Anthony Doyle, an economist and cross-asset investment specialist at Fidelity International in Australia, says: “Expansionary monetary policy will boost the economy and ﬁnally move it back to the potential growth path. This will stabilise output ﬂuctuations and mitigate business cycle impacts. If the economy is above its potential and is overheated, let’s say real GDP grows by 4 per cent, there are inﬂationary pressures. In this case the central bank would carry out contractionary monetary policy and try to lower the rate of inﬂation to one per cent, in order to hit 5 per cent target of nominal GDP growth.
“All in all, during expansions the central bank carries out contractionary monetary policy and during recessions (or lower growth) the central bank conducts expansionary policy. This should stabilise output ﬂuctuations and make business cycle impacts less severe. This is the main advantage of NGDPT – by its mechanism it automatically leads to stabilisation of the economy.
“In the long term, the advantage of a regime that targets nominal GDP is that it is more robust with respect to shocks than the competitors (gold standard, money target, exchange rate target, or CPI target).
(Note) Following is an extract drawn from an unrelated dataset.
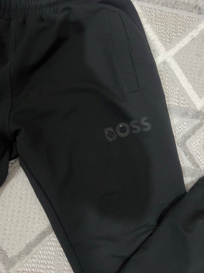 BOSS baskılı, fermuarlı cepli, sentetik kumaştan yapılmış siyah, normal boyda, erkek eşofman altı. Trendy ve rahat bir görünüm sunar. ️

Nominal GDP targeting might also have another advantage in the current unfortunate economic situation that afflicts much of the world: Its proponents see it as a way of achieving a monetary expansion that is much needed at the current juncture. Monetary easing in advanced economies has not been strong enough to bring unemployment down rapidly nor to restore output to potential. It is hard to get the real interest rate down when the nominal interest rate is already close to zero.
“I think one thing is clear – central banks, including the RBA, are no longer pure inflation-targeting central banks. Labour market outcomes are as – if not more – important to central banks now. I think that the RBA will be willing to run the economy hot and see inflation rise above its target if it meant that the unemployment rate was falling.”
Diana Mousina, senior economist at AMP Capital, puts it all into a global perspective. She says in a note to clients: “The significant level of stimulus in response to the coronavirus is necessary to assist the eventual recovery once the coronavirus has passed (and may even prove to be inflationary). Global monetary and fiscal stimulus won’t help to get consumers spending while they are in lockdown. But it will help the global economy from falling into a depression. It will also help share market returns that have fallen significantly since their peaks in January (22 per cent in the US from peak to current levels and 26 per cent in Australia).
“However, more signs of progress in controlling the spread of coronavirus infections is necessary for share markets to recover. There has been some good news recently with the daily change in infections easing in Europe (especially in Italy) over recent days. However, US infections are still rising at a fast pace and need to be watched.”